*What the task asks*. With the pictures omitted, print exactly the lines below, from the one containing "- тумба в комплекте" through the one containing "2XL 3XL 4XL |", and nothing else.

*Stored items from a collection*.
[Start of Attachment]
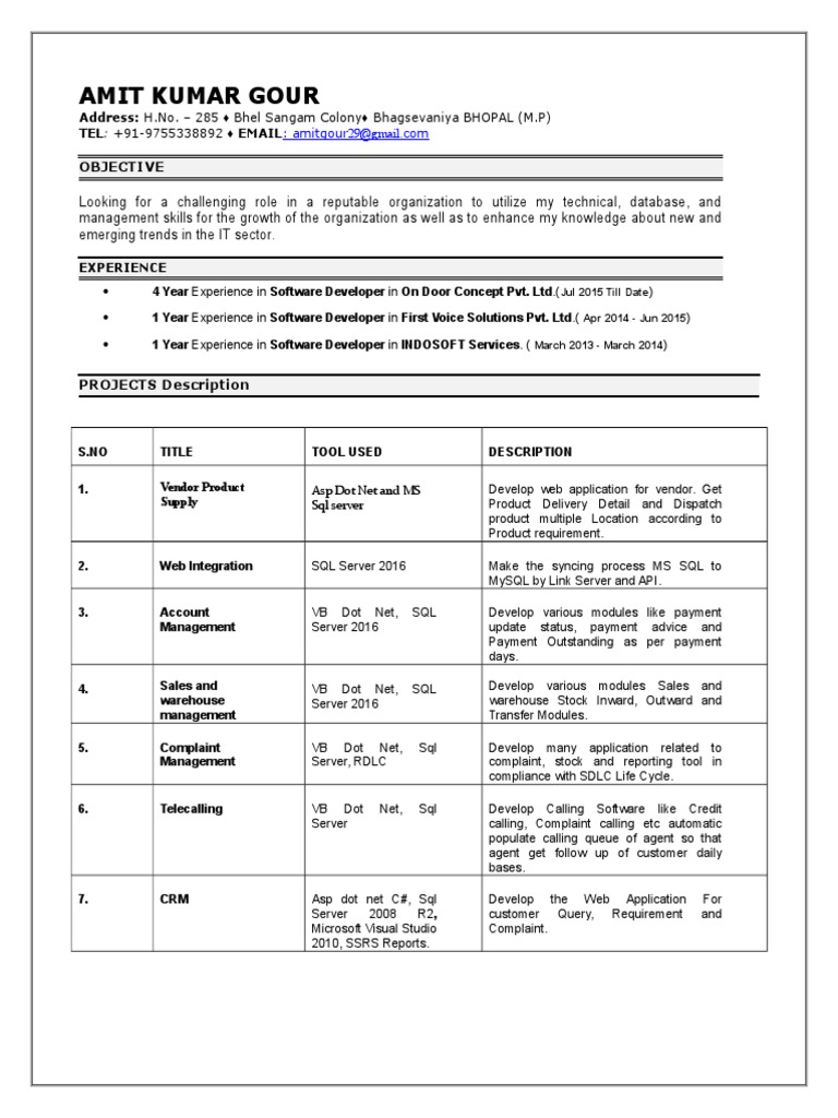 TEL: +91-9755338892 ♦ EMAIL: amitgour29@gmail.com
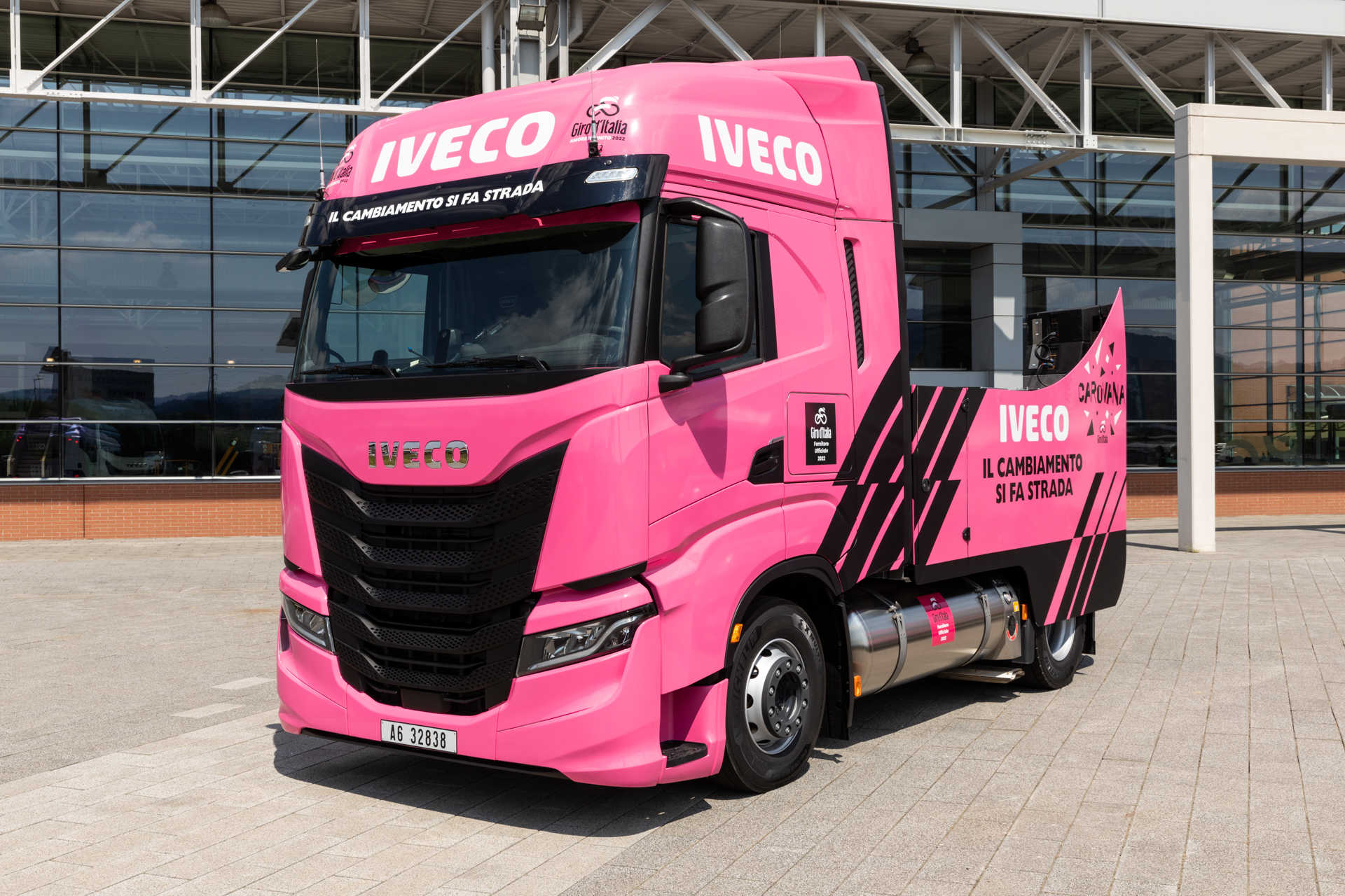 IVECO će svojim vozilima pratiti najbolje svjetske bicikliste na 21 etapi Giro d'Italia 2022, koja će započeti u Budimpešti 6. maja, ostati u Mađarskoj prve 3 etape, zatim se seli u Italiju, a završiće u Veroni. 29. maja. Svaki dan utrke IVECO S-WAY LNG će predvoditi ‘Carovanu’, popularnu povorku ukrašenih vozila koja prethodi biciklistima, stvarajući prazničnu atmosferu uz zabavu i muziku. IVECO-ov vodeći kamion, posebno prilagođen za ovaj događaj, nosi livreju dizajniranu u ružičastoj boji Giro d’Italia.
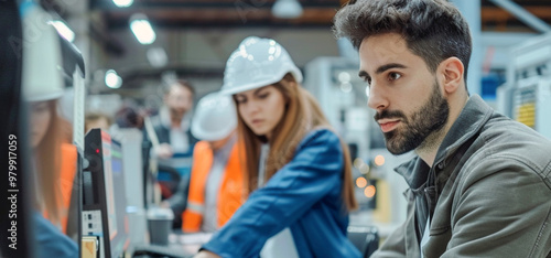 Ingenieros industriales en proyectos, a través del ordenador. Un grupo de ingenieros, reunido y debatiendo con su mirada atenta a un monitor.
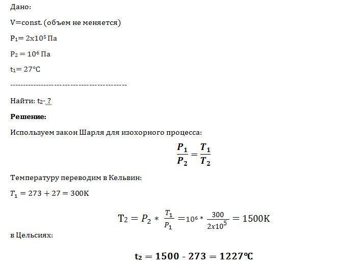 Газ нагревали при постоянном объёме. Его давление при этом увеличилось от 2*10^5 до 10^6 Па. Какой стала температура газа, если в начале процесса она была равна 27 градусов Цельсия?
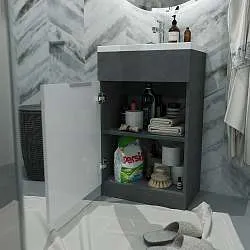 - тумба в комплекте с раковиной и сифоном-компакт: готовое решение для ванной комнаты;
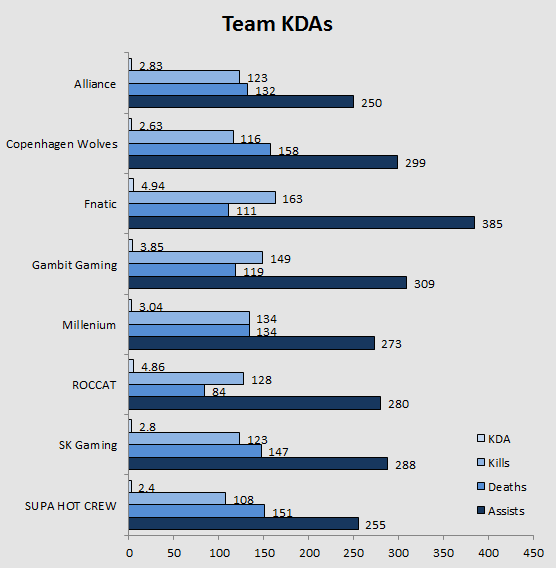 Fnatic still leads the league with a KDA of 4.94, but ROCCAT just barely lags behind at 4.86 after chinks in the leading team's armor were exposed. Though Fnatic have died more this week, they still lead the league in assists at 385 and kills at 163.
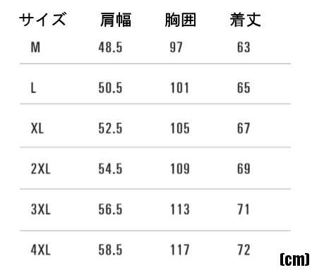 | サイズ | M L XL 2XL 3XL 4XL |
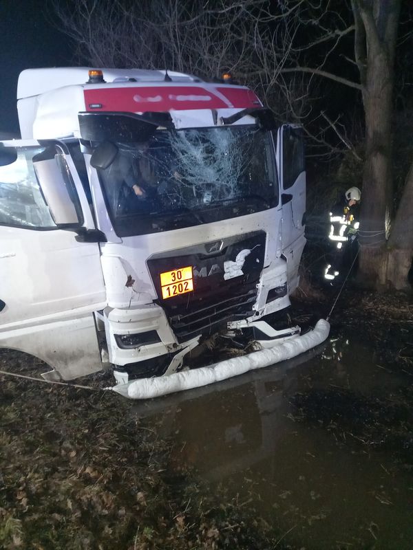 RYCHNOVSKO – Klidný čtvrteční podvečer na silnici I/11 přerušil výjezd záchranných složek. Cisternové nákladní vozidlo tam vyjelo mimo komunikaci a skončilo v příkopu poblíž vodního toku. Na místo byly krátce před 18. hodinou vyslány čtyři jednotky hasičů.
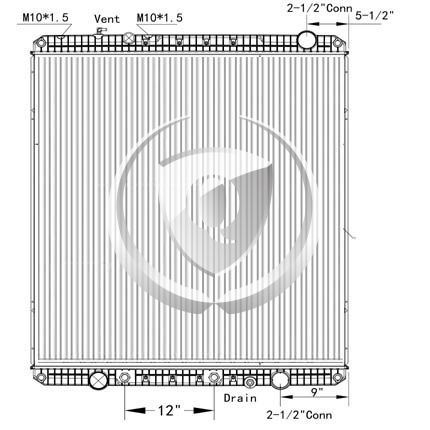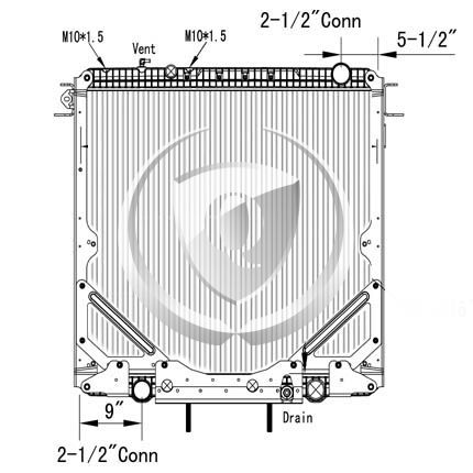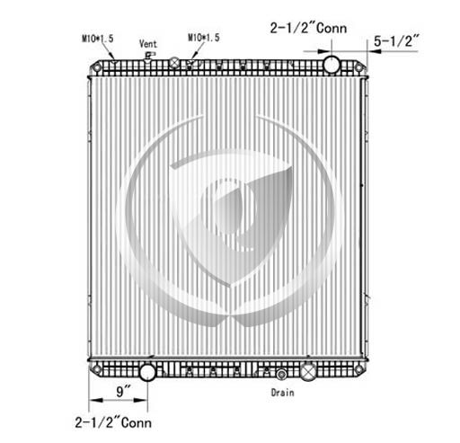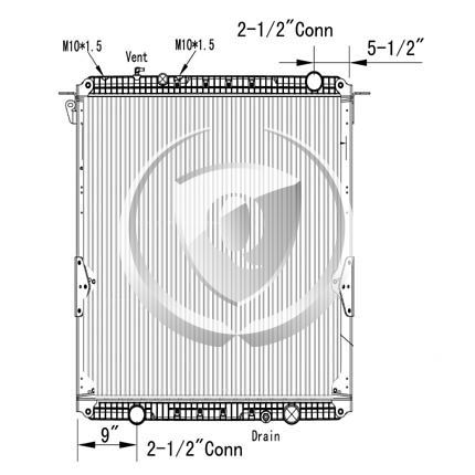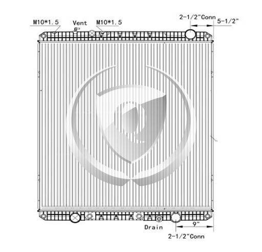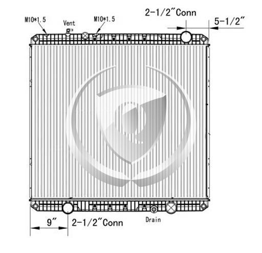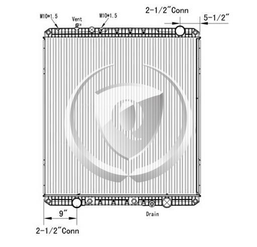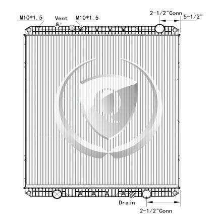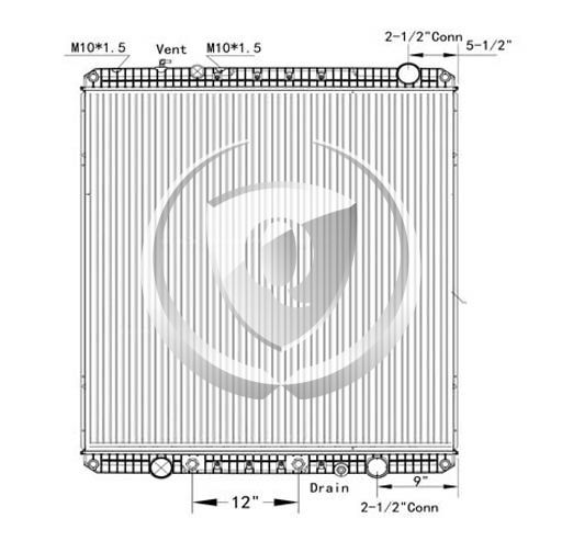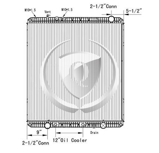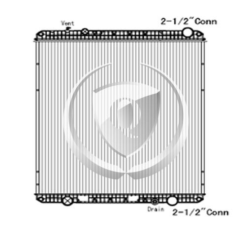 Height: 42.125"Width: 41.50"Depth: 2.25"Inlet: 2.5"Outlet: 2.5"Notes: Freightliner/Sterling Plastic Aluminum Radiator. 12" 5-Plate Tranmission Oil Cooler. -
[End of Attachment]
*Task solution*.
 - тумба в комплекте с раковиной и сифоном-компакт: готовое решение для ванной комнаты;
 Fnatic still leads the league with a KDA of 4.94, but ROCCAT just barely lags behind at 4.86 after chinks in the leading team's armor were exposed. Though Fnatic have died more this week, they still lead the league in assists at 385 and kills at 163.
 | サイズ | M L XL 2XL 3XL 4XL |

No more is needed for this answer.